Meals outside the home: shepherds, fishermen and others

Bermeo fishermen (B), up to a few decades ago, got up at five in the morning when at sea, had a coffee and started working. Around 10.00 a.m., depending on the fishing, they had the first meal that was called armuzue. They would then continue to work until around four or five in the afternoon, always depending on the fishing tasks, when they would stop for the second meal, marmitxe. Nowadays, nearly all the boats follow the shore timetables, in other words, they have breakfast between half-past seven and eight, have lunch at around one p.m. and have dinner at about 7.00 p.m.

Sunday meals

On Sundays, people have a lighter breakfast-brunch and they have a later and better midday lunch.
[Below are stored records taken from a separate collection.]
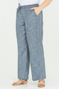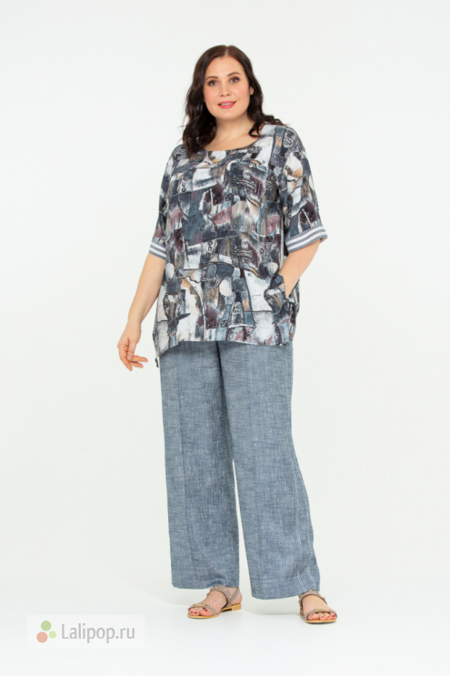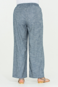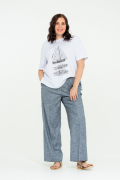 Премиальные брюки-палаццо, выполнены из вискозно-льняной ткани с оригинальной фактурой и шелковистым блеском. Вертикальные лампасы и стрелочки задают свободному крою брюк изящную лаконичную форму. Пояс на резинке, со шнурком и имитацией гульфика. По спинке расположена кокетка для безупречной посадки на талии. По бокам действующие карманы. Все конструктивные линии, а также лампасы и стрелочки оформлены белой отделочной строчкой. Легкая натуральная ткань красиво драпируется и переливается в движении, хорошо дышит и очень приятна к телу.
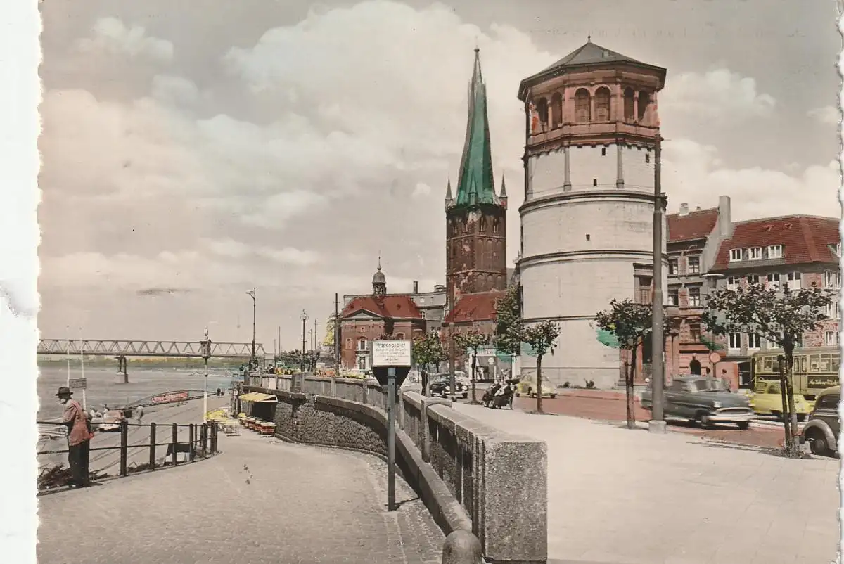 Titel: 4000 DÜSSELDORF, Rheinufer, Schloßturm, Lambertuskirche, Oldtimer
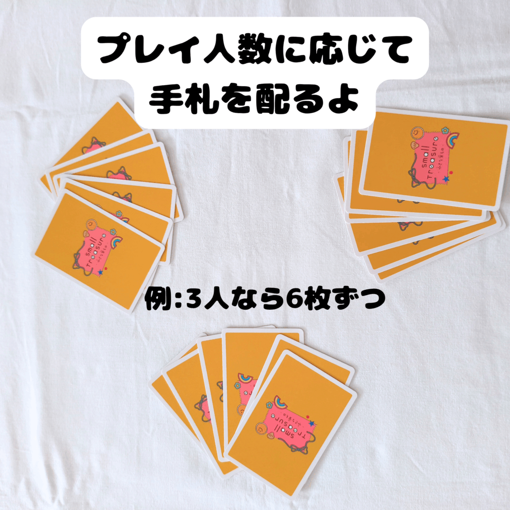 - 各プレイヤーにカードを配る。プレイヤー人数によって枚数が違う。
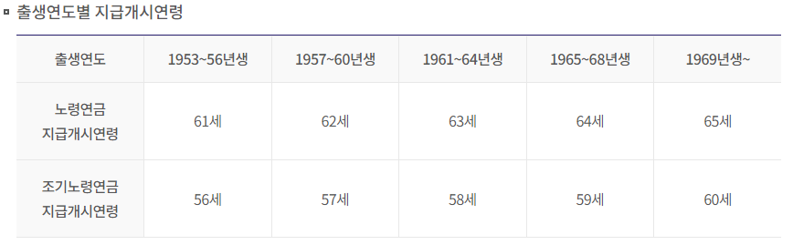 - 정해놓은 국민연금 조기 수령나이를 충족해야 합니다.
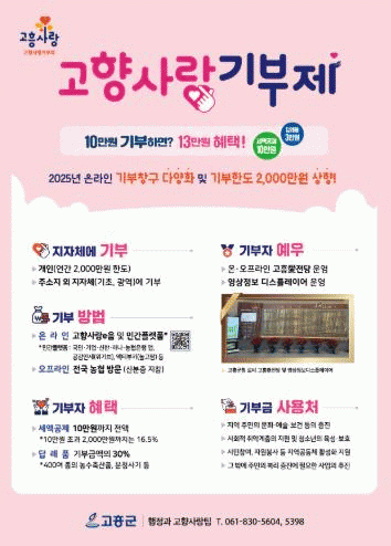 군은 고향사랑기부제 민간 플랫폼인 위기브와의 계약을 통해 다양한 기부 창구를 제공해 기부자의 편의성을 도모하고, 민간 플랫폼의 노하우를 군의 모금 활동에 접목해 기부금 모금에 총력을 다할 예정이다.
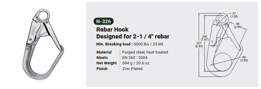 N-326 / REBAR HOOK DESIGNED FOR 2-1/4″ REBAR Canadian Office 580 Industrial DriveFort Erie, ONCanadaL2A 5M4 U.S.A. Address 2221 Kenmore AveSuite 106Buffalo, NY14207-1306 Head Office Address YOKE Industrial Corp.#39,33rd RoadTaichung Industrial ParkTaichung 407, Taiwan, R.O.C. Contact Us TEL 905-871-7111 custservice@yoke-niagara.com
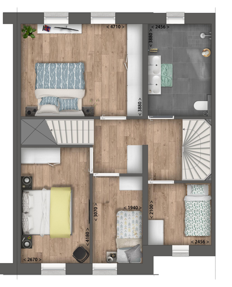 De stadswoningen die het plan aan de zijde van de Hendrik de Ruiterstraat omsluiten, zijn uitgevoerd in verschillende formaten en in diverse tinten wasserstrich metselwerk. Een spannende mix van verschillende types door elkaar heen. U heeft bij dit specifieke woningtype de keuze uit een woning met een plat dak, waar u profiteert van de volledige verdiepings- hoogte of een woning met een extra zolderverdieping hier bovenop. Daarnaast zijn er woningen met een gedeeltelijke tweede verdieping. Net wat u wil!
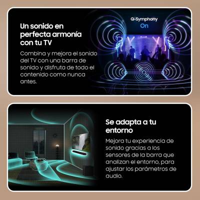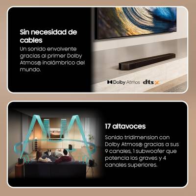 Modelo del 2024. Dolby Atmos y DTS:X inalámbrico, Q-Symphony. 9.1.4 Canales (17 altavoces en total: 9 frontales, 1 subwoofer, 4 altavoces ascendentes e inalámbricos traseros) con 540W RMS (incluyendo subwoofer de 160W). SpaceFit Sound Pro y Compatible con asistentes de Voz. Conexiones HDMI eARC, Wi‑Fi, Bluetooth 5.2, AirPlay 2, Chromecast, y control por voz con Alexa o Google Assistant. Dimensiones: Barra de 111 cm y 5,4 kg de peso, subwoofer de 21 × 40,3 × 40,3 cm y 9,8 kg de peso.
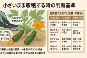 一般的な円筒形品種では、開花から約5日前後で長さ15〜20センチ、重量200〜300グラムが収穫の基準となります。球形品種では直径6〜7センチ程度で若どりします。若どりは食味面の利点があり、繊維が少なく加熱でとろりと仕上がりますが、行きすぎると可食部が薄く歩留まりが落ちるため、株の負担と食味のバランスを見極めることが大切です。
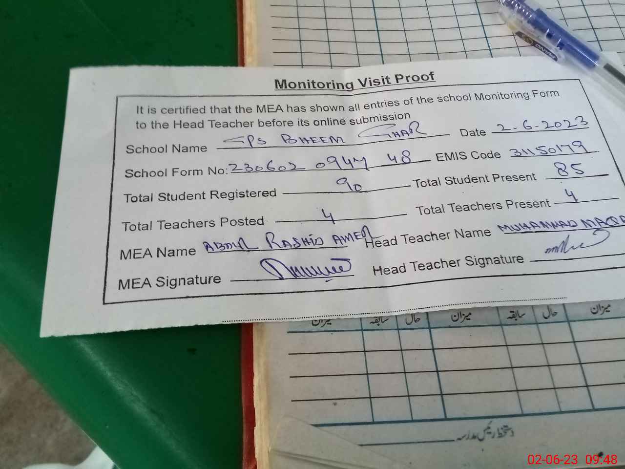 | Attendance Register | Head Teacher | MEA with School | Visit Proof |
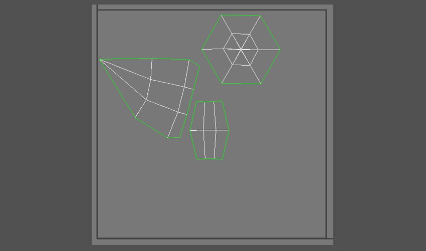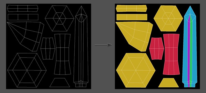 یک لایه جدید در زیر UVs وcolour map ایجاد کنید تا بتوانید اشکال را به طور موثر انتخاب کنید.
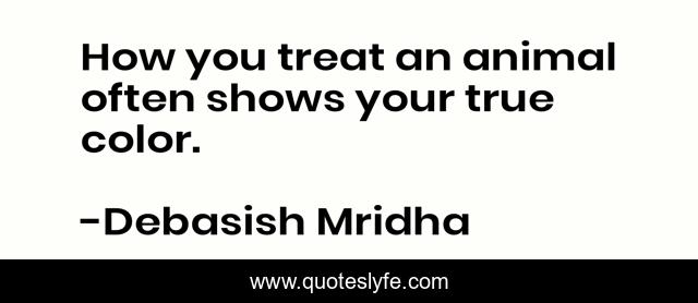 This page presents the quote "How you treat an animal often shows your true color.". Author of this quote is Debasish Mridha. This quote is about show-your-true-color, life-wisdom, philosophy, debasish-mridha, quotes, how-you-treat-animals, inspirational, enthusiasm, debasish-mridha-m-d,.
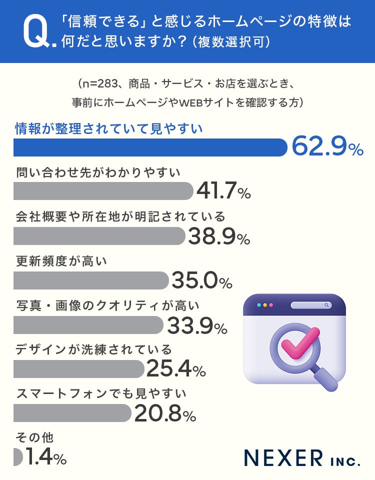 ■「信頼できる」と感じるホームページの特徴、1位は「情報が整理されていて見やすい」
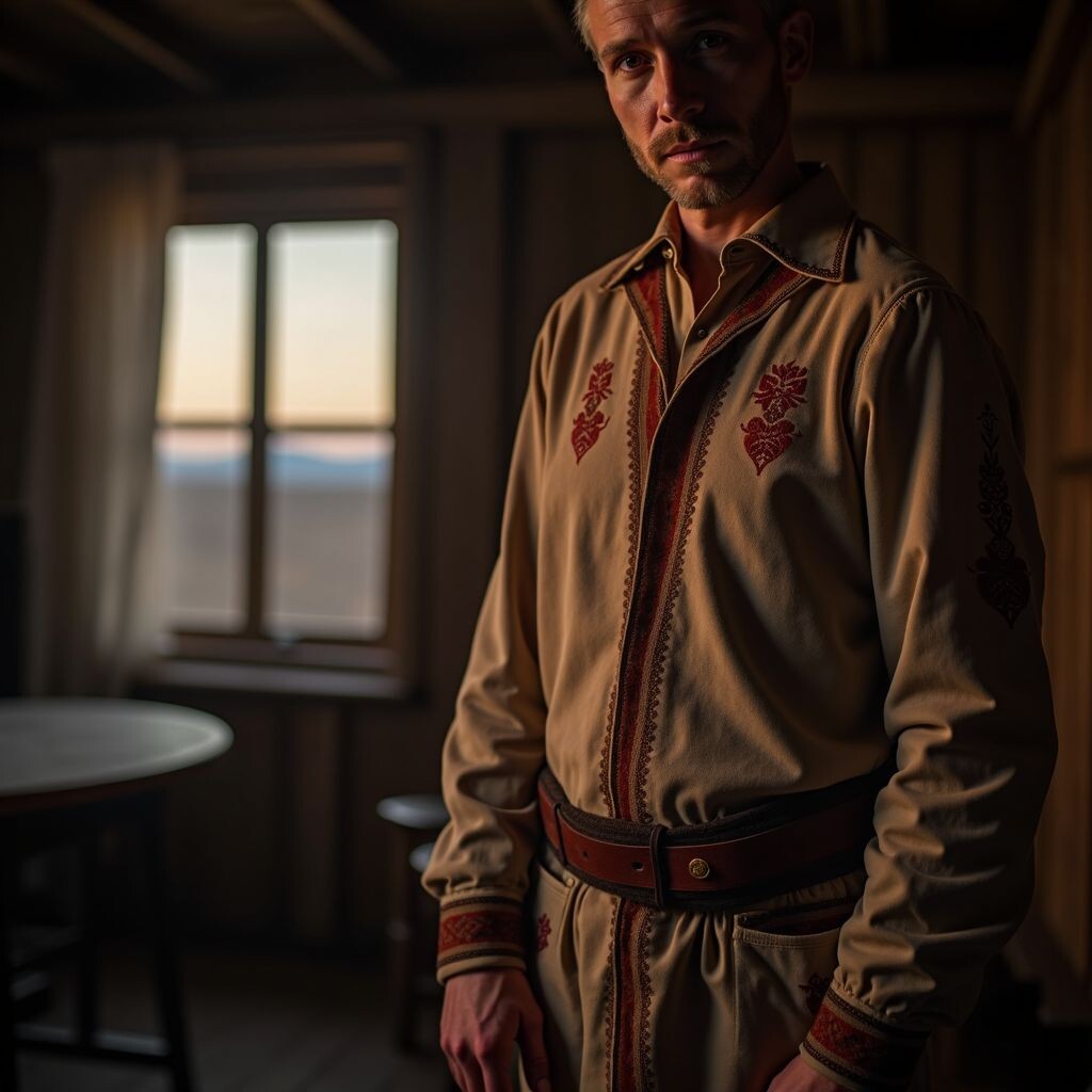 А вот тут начинается самое интересное. Каждый узор на рубахе — это не просто "красиво поверх нацеплено". Это целая система защиты! Вышивка на вороте — чтобы злые духи в душу не залезли. Узоры на рукавах — чтобы силу в руках держать. Ромбы да крестики по подолу — на плодородие и благополучие.
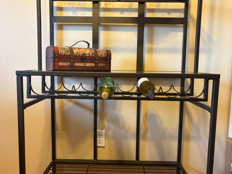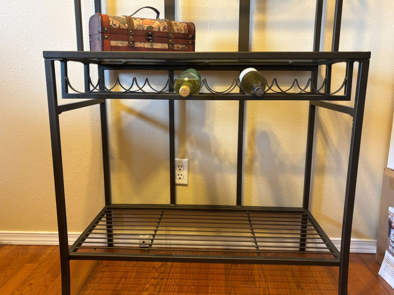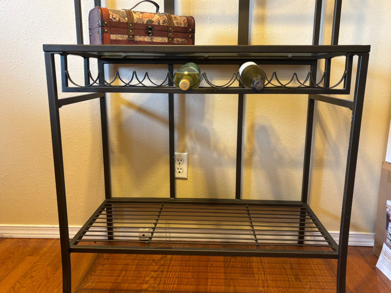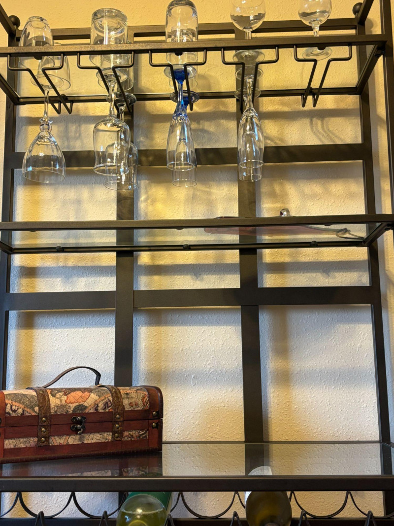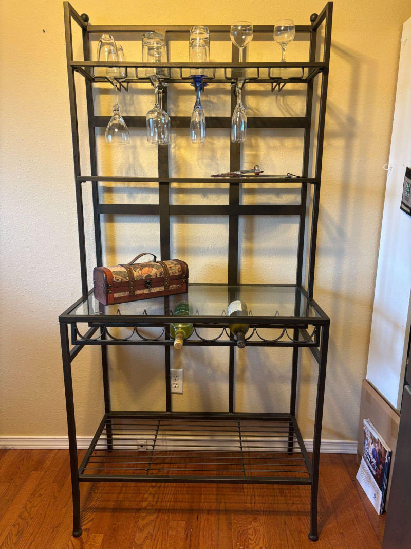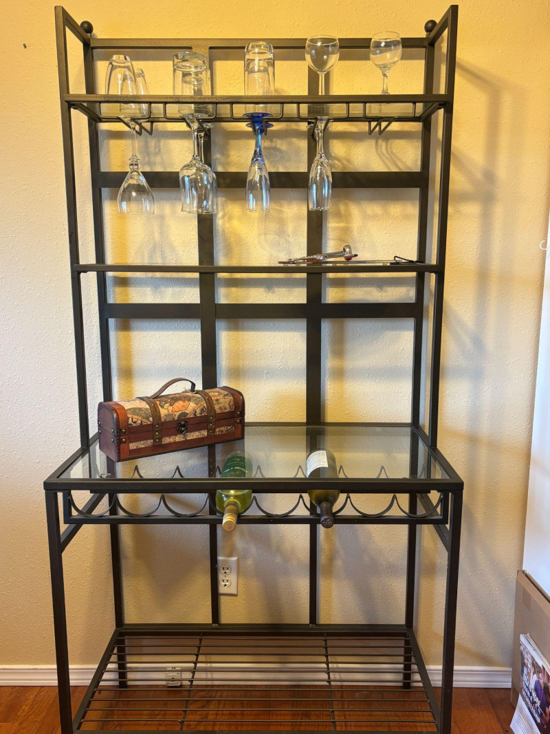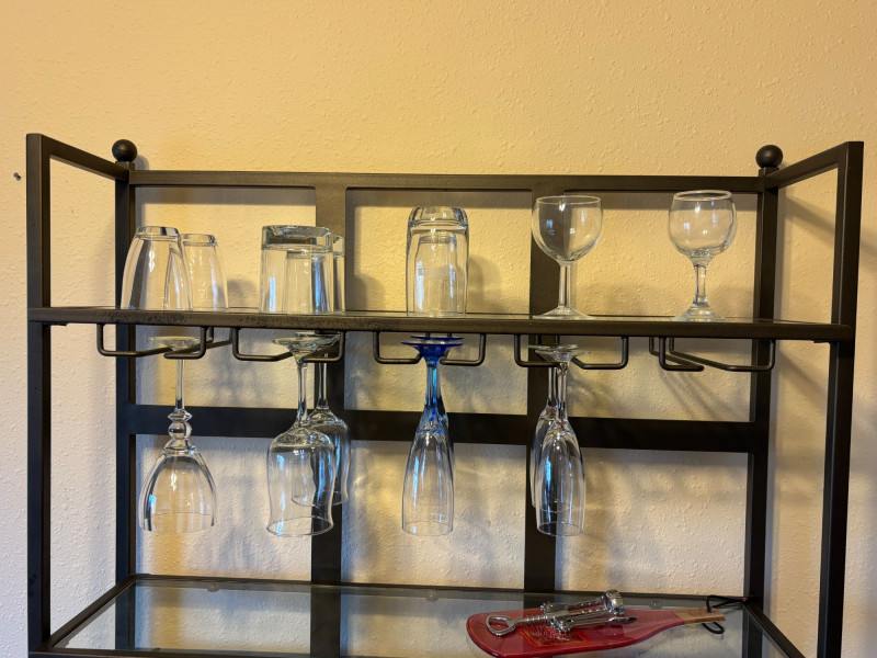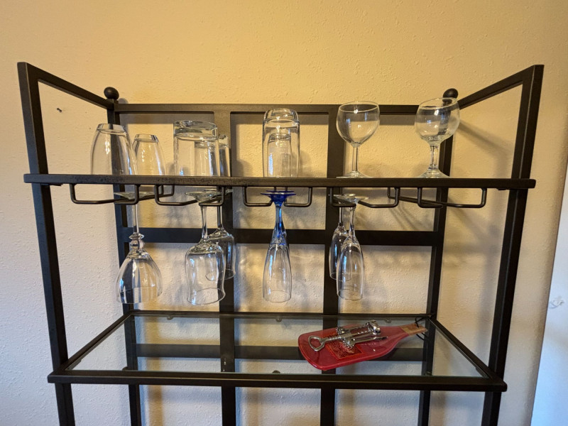 Everything you need to create a stylish, ready-to-use bar setup. Complete bar cart bundle featuring a sleek metal and glass shelving unit with hanging stemware storage, paired with a curated mix of barware and decor. This is a turnkey entertaining setup designed to elevate your space instantly. Includes: Thoughtfully styled and ready to use—perfect for a home bar, Airbnb or rental upgrade, or as a functional statement piece in a kitchen or dining space. Wine bottles shown are NOT included (no alcohol included in this lot). Overall very good condition with light wear consistent with normal use. Glassware appears intact. Local pickup only due to size and glass components.
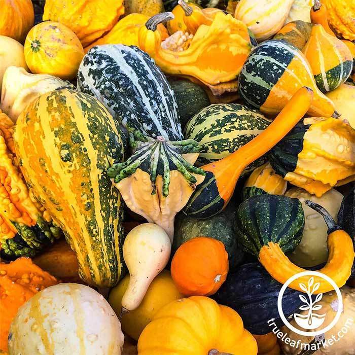 100-120 days. Cucurbita pepo Mix of many large types. Approximately 255 seeds/oz.; with sprawling vines, gourds require widespread areas for growth; rows can be planted 2 - 3 feet apart; spectacular, colorful gourds with smooth or coarse surfaces have amazing potential for arts, crafts, and inclusion in the kitchen.
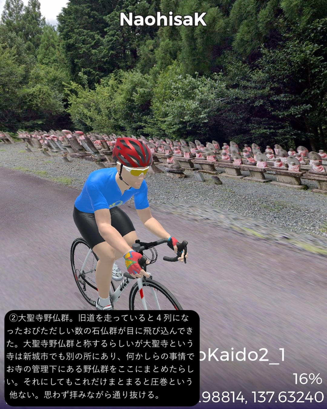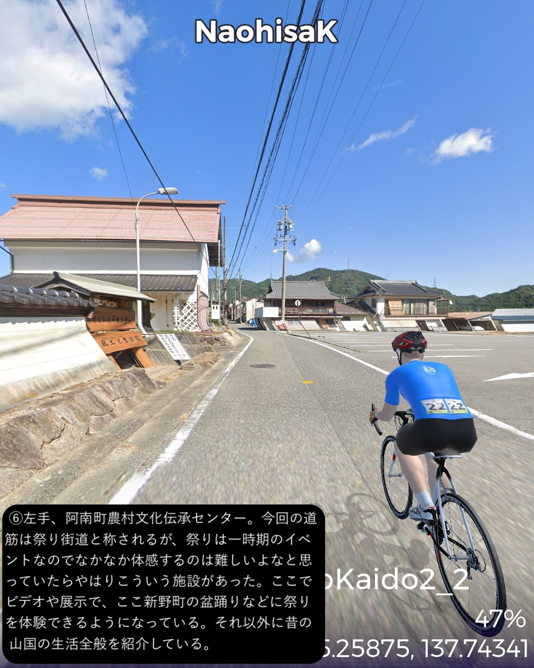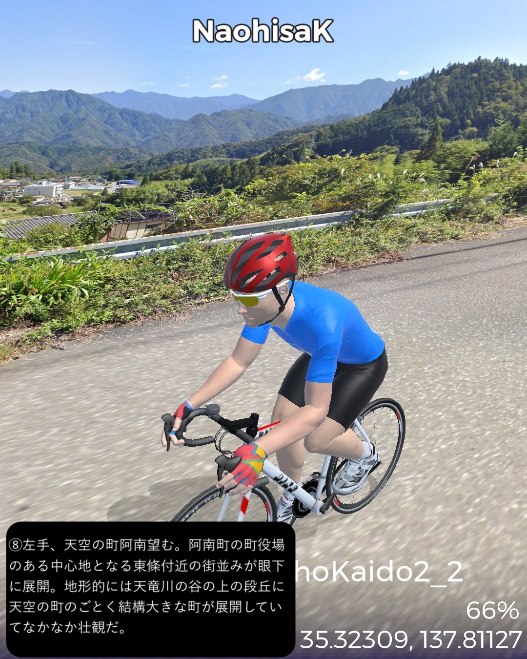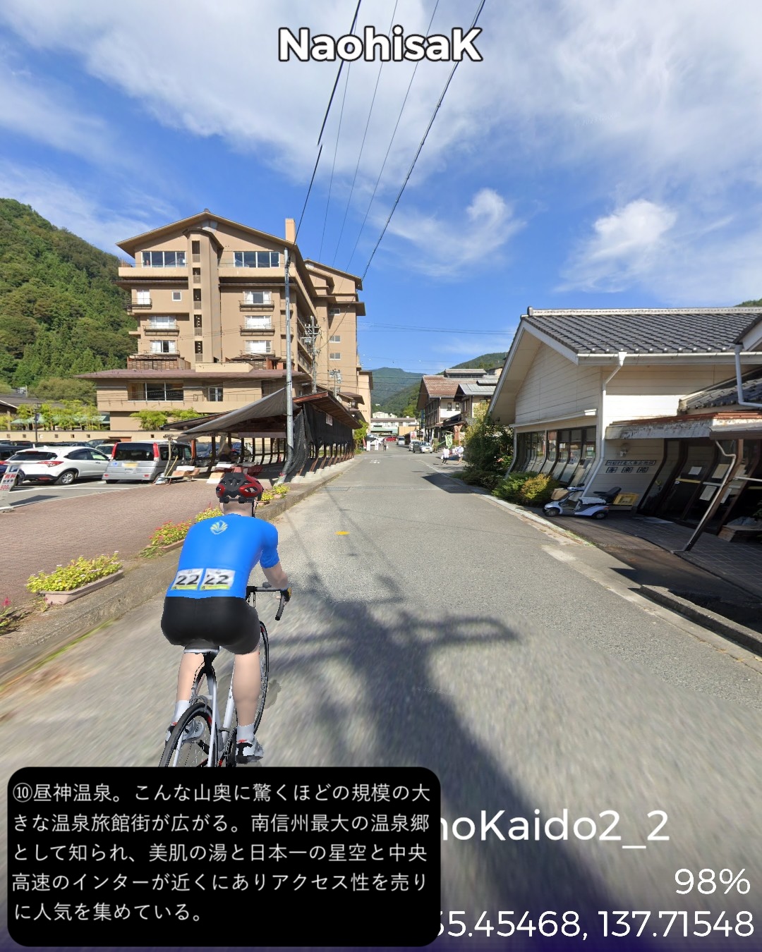 VRサイクリング 奥三河から南信州へひたすら山の道を進むの巻。奥三河の温泉郷湯谷をスタートし別所街道をまず北東へJR飯田線に沿って進み、東栄駅付近より北西へ針路を変えさらに山へ入ってゆく。街道名となった別所、現在の東栄町の中心部を過ぎ針路も北北東から北に変えつつ、東栄町から豊根村へ入りいくつかの集落を経て三河と信州の国境となる新野峠を越える。ここからは遠州街道という名称に変わりちょっと下った所に広がる高原地帯の町新野をへて、その先は天竜川の深い谷の西側の段丘上の眺望の良い道を北へ進ん行き下條からは街道を外れて北西へ進み阿智村の奥、南信州最大の温泉郷昼神温泉をゴールとする90kmの長丁場。距離は長いがひたすら山の中で史跡や絶景ポイントも少ないのでハイライトとなるような場所には乏しかった。ただこのルートを特徴づけるネーミングとして「祭り街道」という名称で奥三河から南信州のネームバリューのない町村を束ねてプロモーションをしている。東栄町の各集落毎に特徴づけられた花祭、鳴物を排した静かな新野の盆踊り、街道を少し外れた和合の念仏踊りなどいくつもの無形文化財にも指定された文化遺産が点在している地域なのだが、残念ながら通りすぎるだけではこれらは体感できないんだよなあ。でも調べるとそれぞれ山里で独自に研ぎ澄まされた民俗芸能は非常に魅力的。祭り当日にこの僻地に足を運ぶしか体感することはできないが、そうした知られざる田舎の文化は山ほど日本中に隠されているんでしょうな。次回は飯田から伊那谷へと街道旅を進めてゆく。

They sometimes skip the afternoon snack and dinner or high tea is similar to the one on weekdays.

The midday meal has traditionally consisted of, in most of the country, soup, chickpeas, the meat used to flavour and in the cooking of the former, with the meat used to add its flavour and juices to those dishes, in a tomato sauce; along with the odd dish such as salt cod, chicken or rabbit and homemade desserts (rice pudding, custard, egg custard, etc.) or fruit. In addition to the wine, many men also had coffee, a glass of spirit and cigar to round off such a splendid meal.

Seating arrangements

The ritual of seating everyone at the table was very similar throughout the Basque Country: the father sat at the head of the table, the mother near to the fire to look after and serve the meal and the rest of the family around the table, or failing that, around the stewpot or dish in which the food was served.

Traditionally, meals were eaten in the kitchen, near to the fire and the dining-room was only used, when there was one, for large gatherings when there were many guests at home.

From the communal dish to the individual plate

Around forty or fifty years ago, the majority of people ate from a communal dish, placed in the middle of the table and which everyone could reach. Everyone drank from the same water jug or from a single glass in the case of wine.

Nowadays, everyone has their own dish, even bowls and flat plates for the first and second course respectively and small plates for the dessert. Only the salad and some specific dishes, such as one-pot meals in frying pans, chops, some pastry desserts, etc., are eaten directly from the dish in which they are served and which are placed in the middle of the table.

Cutlery

In the past, the people used their fingers to take the food from the dish placed in the middle of the table and put it directly in their mouths. The oldest people living in Sara (Ip) had been told by their parents that people even ate stew with their hands ahurka (from agur, cupped hand).

The spoon was the first piece of cutlery to appear. At the start of the century, boxwood spoons were used throughout the country, though they were sometimes made out of beech, as both types of wood are very fine and do not fade. Those spoons were deep and thin.